Człowiek ma ograniczone pole widzenia. Tak samo jest z jego doświadczeniami – jeżeli czegoś nie przeżył, trudno mu sobie wyobrazić ból czy radość związaną z danym momentem w życiu. Jednak ci, którzy są odpowiedzialni za przygotowywanie produktów i usług muszą wiedzieć, czego oczekują ich odbiorcy, tym samym muszą się w nich wcielić, żeby znaleźć właściwe rozwiązanie dla ich problemów.
Zadanie to jednak nie jest łatwe. Natłok nowych, ważnych i wyczerpujących informacji, jaki powstaje w trakcie zgłębiania perspektyw klientów, sprawia, że wiele osób nie jest w stanie poradzić sobie z piętrzącymi się kłopotami. Właśnie w takiej sytuacji pojawia się design thinking metoda, dzięki której możliwe jest uporządkowanie tego chaosu.
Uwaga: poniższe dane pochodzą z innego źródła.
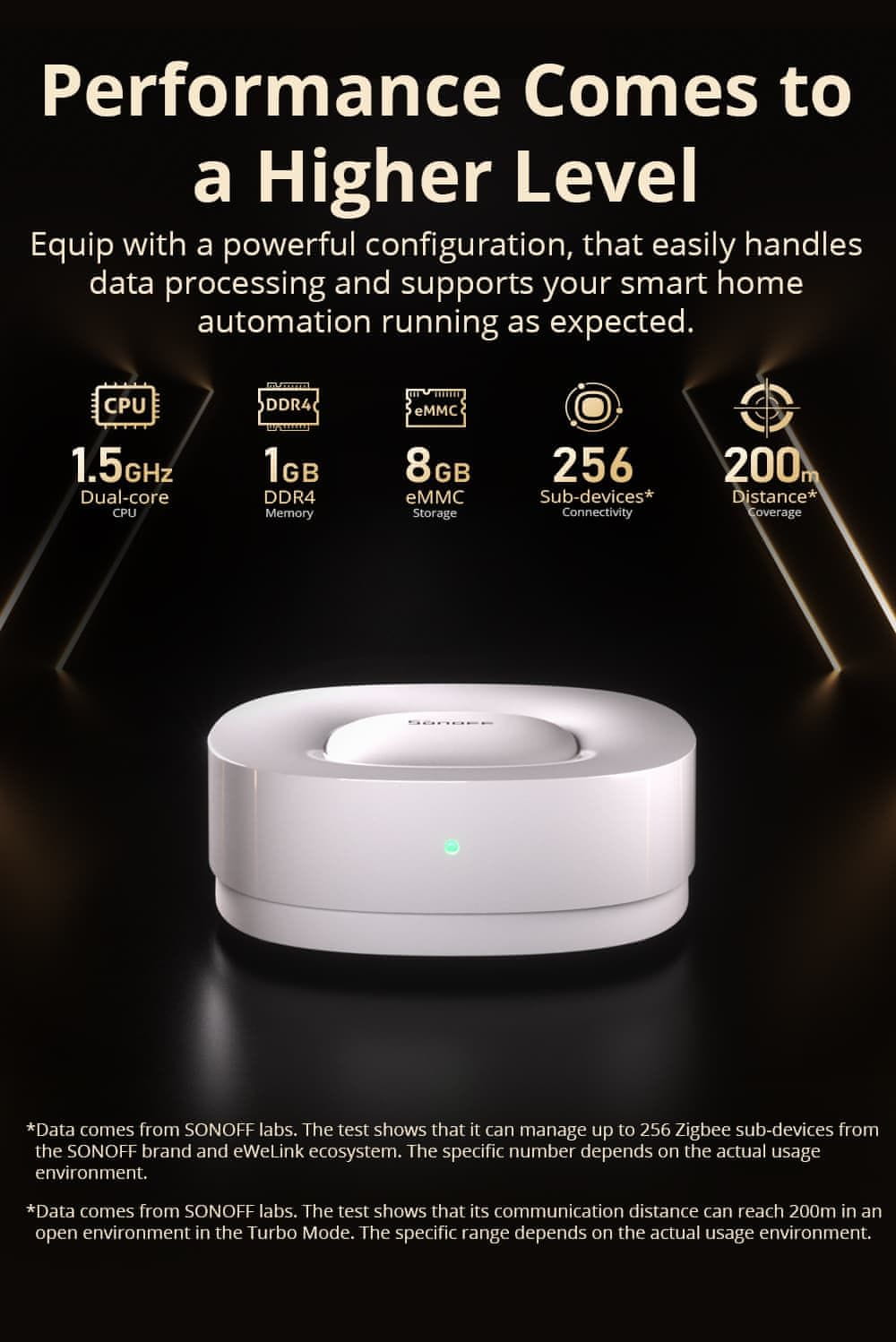 SONOFF Zigbee Bridge Ultra je napreden prehod Zigbee, zasnovan za nemoteno integracijo podnaprav Zigbee v ekosistem Matter. Opremljen z zmogljivim čipom EFR32MG21, ta most ponuja izboljšane zmogljivosti obdelave, z dvojedrnim CPU-jem, ki deluje na 1,5 GHz, 1 GB DDR4 RAM-a in 8 GB pomnilnika eMMC. To zagotavlja robustno zmogljivost in nemoteno delovanje. Podpira do 256 podnaprav Zigbee in se ponaša s komunikacijskim dosegom do 200 metrov v načinu Turbo, kar zagotavlja široko pokritost in zanesljivo povezljivost po vsem domu.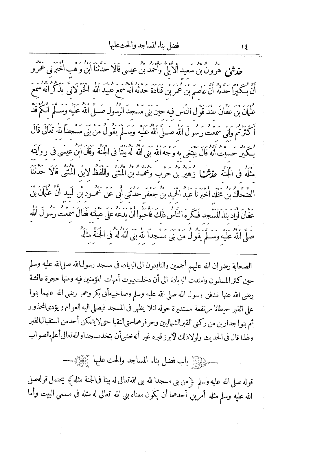 (باب فَضْلِ بِنَاءِ الْمَسَاجِدِ وَالْحَثِّ عَلَيْهَا)
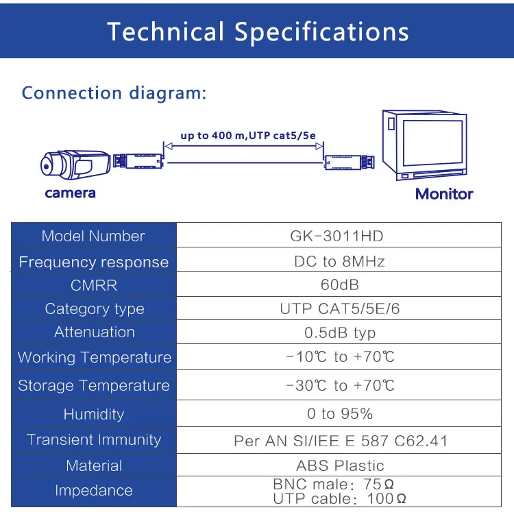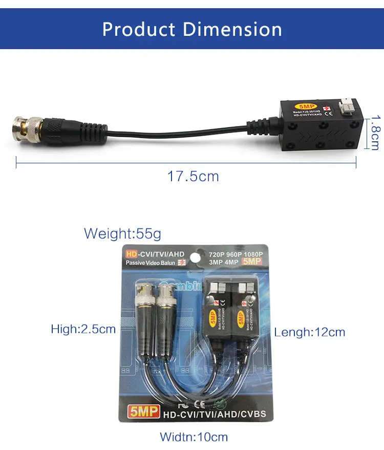 Video Balun: 1 pair/box, 100 pairs/carton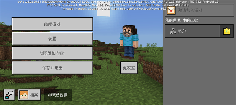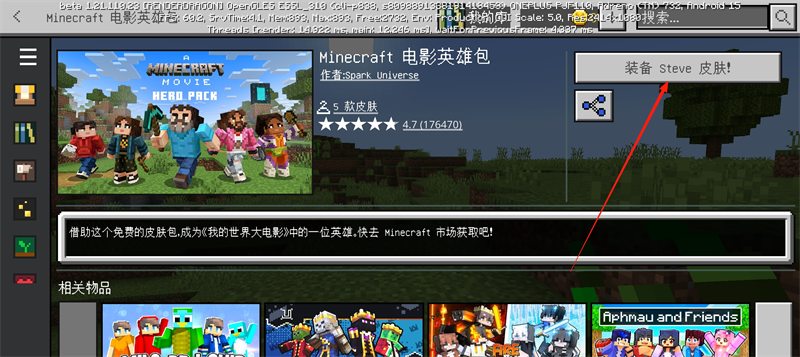 6、然后回到游戏就可以看到角色已经穿上Steve的皮肤了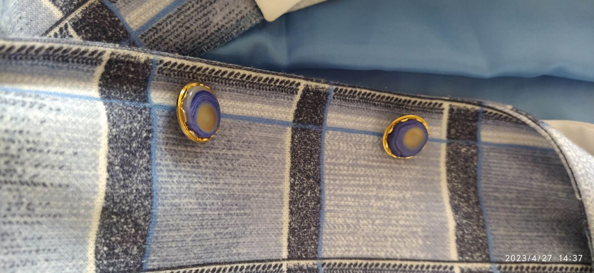 Elle peut être portée avec son col blanc qui s'enlève facilement pour le lavage (boutons pression).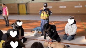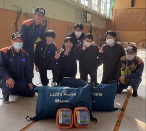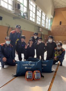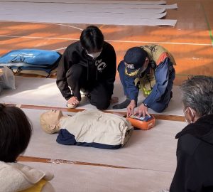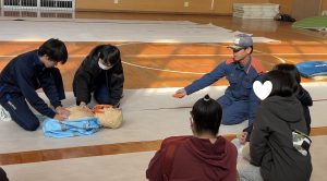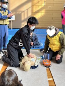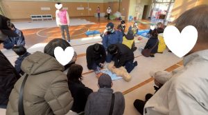 本校からは看護科の学生5名が指導者として参加し、消防隊員の方と一緒に緊急時のAED処置について実演を行いました(^^)/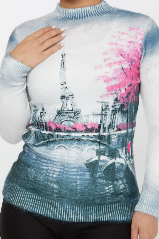 de punto de angora con cuello alto estampado Azul - 50019 | KAZEE (Juego de 2 S-M)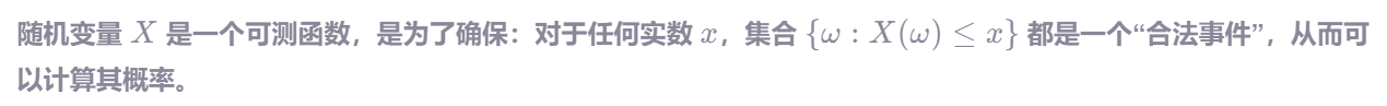 ✅ 这保证了 P(X≤x)=P({ω:X(ω)≤x})\mathbb{P}(X \leq x) = P(\{\omega : X(\omega) \leq x\})P(X≤x)=P({ω:X(ω)≤x}) 总是有定义的!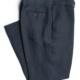 De pantalon heeft een satijnen galon aan de zijkant en een flatfront model.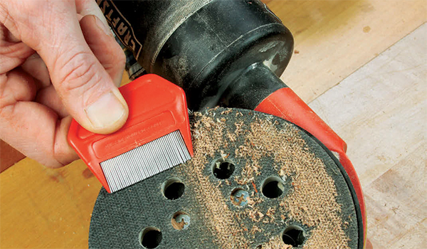 When the “loops” on a sander’s hook-and-loop pad become clogged with dust, the sanding discs won’t cling properly. Here’s a simple fix.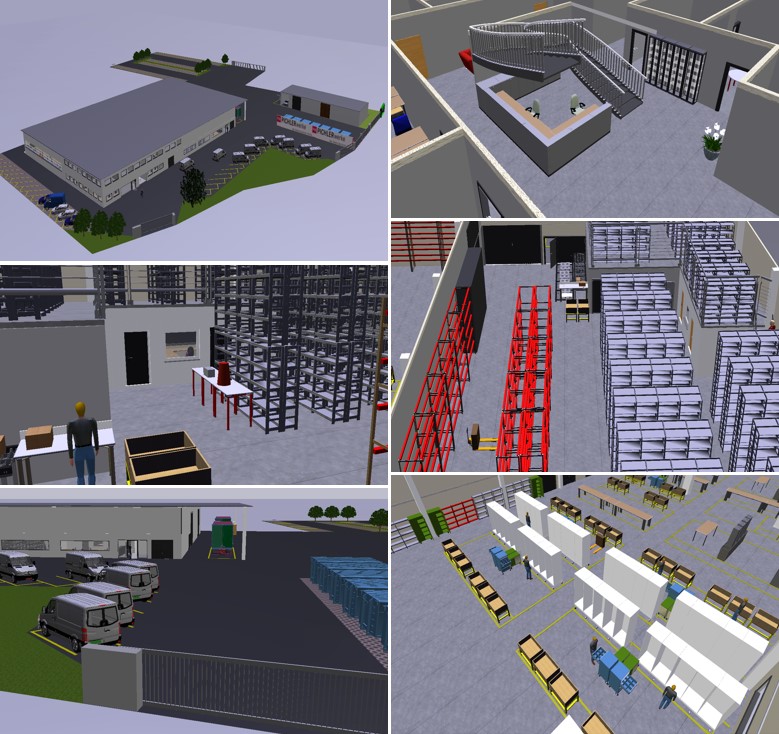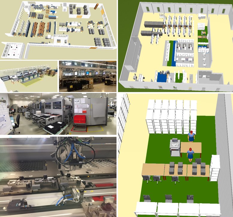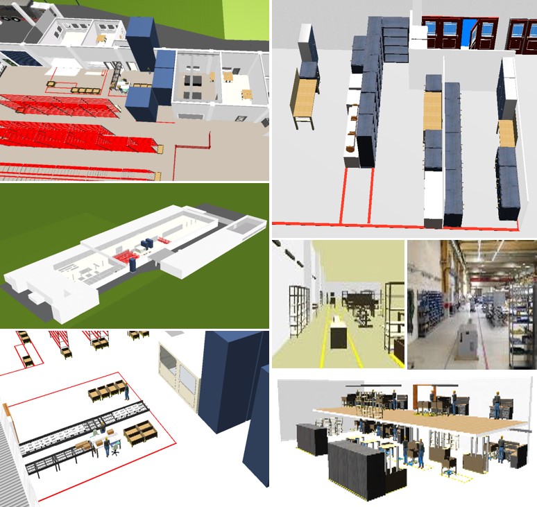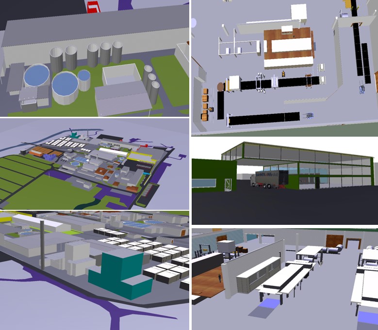 Druga uporaba 3D-načrtovanja v fazi podrobnega načrtovanja je simulacija tokov materiala, proizvodnih procesov in zaporedij gibanja. Te simulacije omogočajo preverjanje učinkovitosti načrtovanih procesov ter prepoznavanje in odpravljanje morebitnih ozkih grl ali neučinkovitosti še pred gradnjo tovarne.

Do czego przydaje się zespołom projektującym?
W trakcie szukania rozwiązań dla pytań, jakie przesyłają klienci, często pojawia się kłopot znalezienia takiej metody, dzięki której nie trzeba będzie kilkanaście razy poprawiać już gotowego produktu. Winny jest temu system tradycyjnego myślenia, eliminującego jakąkolwiek kreatywność na samym etapie projektowania.
Design thinking zrywa z tymi sztywnymi ramami i pozwala na wracanie do poprzednich etapów za każdym razem, kiedy pojawi się jakaś nowa, ciekawa idea. Oznacza to, że jeszcze przed wdrażaniem produktu można zmienić podstawową koncepcję i dopasować ją do obecnej sytuacji. Dzięki temu zapobiega się niepotrzebnemu marnowaniu materiałów i zasobów oraz czasu pracowników, który znacznie efektowniej wykorzystują go, działają w myśl sposobu twórczego rozwiązywania problemów.
Ile trwa nauka tej metody?
W zależności od nastawienia uczącego i okoliczności, w jakich się znajduje (środowisko przyjazne zmianom czy raczej konserwatywne, niechętne zakłócaniu starego porządku) proces ten zajmuje kilka tygodni. Chodzi o to, żeby w efekcie takie etapowe postępowanie podczas projektowania stało się naturalne, zajęło miejsce chaotycznego, nieprzemyślanego rzucania pomysłami bez prawdziwego zagłębiania się w rzeczywiste potrzeby odbiorców konkretnych produktów i usług.